A vessel trapped in the frozen Arctic ocean miles from the shore, takes on a stranger. The woman warns of an imminent attack from a creature of superhuman strength. The Captain, Ralf Wile (Francis Redfern) is determined to defend his cargo, as this horrifying tale emerges.
In a Rose original production, Ciaran McConville’s gripping rewrite of Mary Shelly’s Gothic Frankenstein is one for the information age and its darker than ever and just as terrifying.
We saw with Orwell’s 1984 being re-made for Broadway and the Westend recently, an audience could draw comparison into what is happening in today’s politics. McConville has made Shelly’s Frankenstein relevant to today by bringing it into the 21st century. Is the monster a scapegoat? There is an elemental battle of good and evil within all of us.
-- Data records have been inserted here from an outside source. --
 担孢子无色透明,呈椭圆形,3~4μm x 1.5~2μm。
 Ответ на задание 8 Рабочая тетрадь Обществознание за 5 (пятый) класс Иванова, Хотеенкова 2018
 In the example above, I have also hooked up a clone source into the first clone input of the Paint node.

Directed by Lucy Morrell the show runs at the Rose Theatre in Kingston from Thursday 27th to Saturday 29th of February.
The cast, who are all alumni of the Rose Youth Theatre, really bring this play to life. Eleanor Clark gives a memorable performance as the Creator. As a scientific experiment, she plays God in creating this ‘creature’.
Anna Pryce’s depicts The Creature and is truly impressive. She contorts her body in the beginning of her performance. When she escapes into the public, she initially learns from the people around her. They however become afraid of her and she is cast out. Shunned by the people she interacted with and by her creator she seeks revenge and all hell breaks loose.
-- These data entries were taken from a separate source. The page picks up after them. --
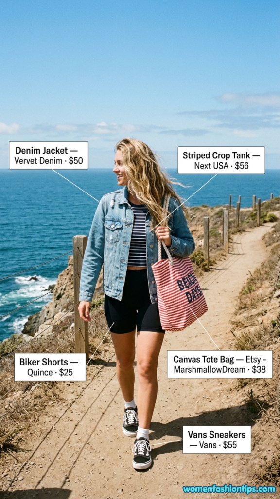 Wind in your hair, ocean stretching out to the horizon, and an outfit that feels like it was made for this exact moment. The combination of a classic denim jacket with a navy-and-white striped crop tank and black biker shorts is effortlessly coastal — the kind of look that works whether you’re hiking a cliffside trail or grabbing fish tacos by the pier. Summer biker shorts outfits women thrive when they balance sporty and casual like this.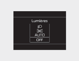 Ce témoin indique quelle lumière extérieure est sélectionnée à l'aide de la commande d'éclairage.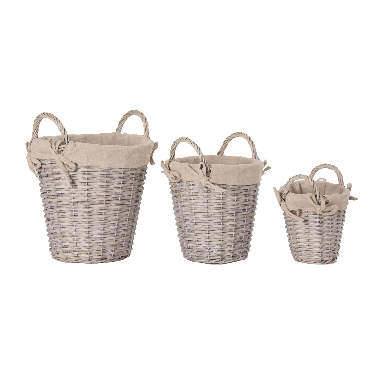 CESTA J/3 REDONDA, EN COLOR ARENA, DE ESTILO SHABBY CHIC. FABRICADO EN MIMBRE, COMBINADO CON LINO.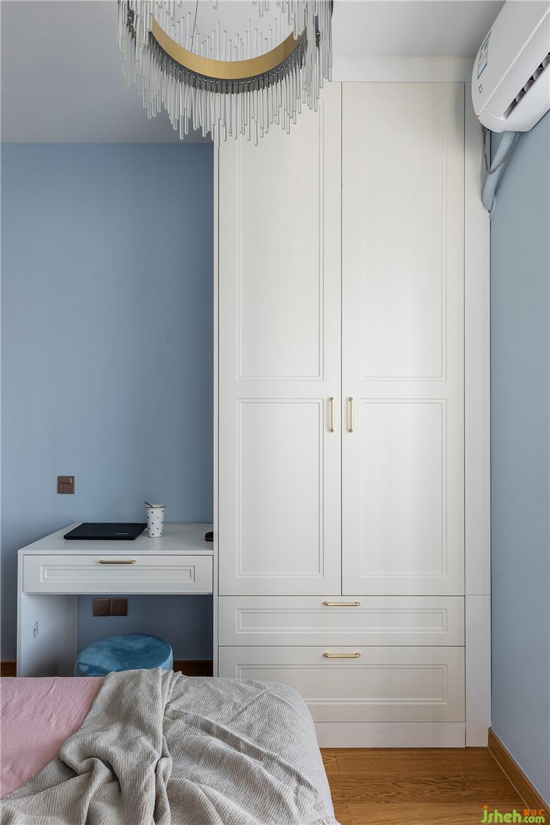 次臥的兔子床是主人給閨蜜精心挑選的,同時也滿足自己的少女心。整個空間的色調(diào)也是以灰藍色為主,清新淡雅。大大的L型飄窗是全屋風(fēng)景最好采光最好的位置了,偶爾周末閨蜜過來蹭住,時而在飄窗上閑聊,時而兔子床上悄悄話,幸福而知足的生活也莫過于此了吧。

I am always eager to see the Rose Theatre’s impressive staging at performances. True to form Philip Connolly’s set does not disappoint here. The lighting and tangled wiring gives the staging a more modern yet gothic feel.
‘I was both one and zero, creator and destroyer, disease and cure, God and monster.’
The Creature [Frankenstein retold] runs at the Rose Theatre in Kingston from Thursday 27th to Saturday 29th of February.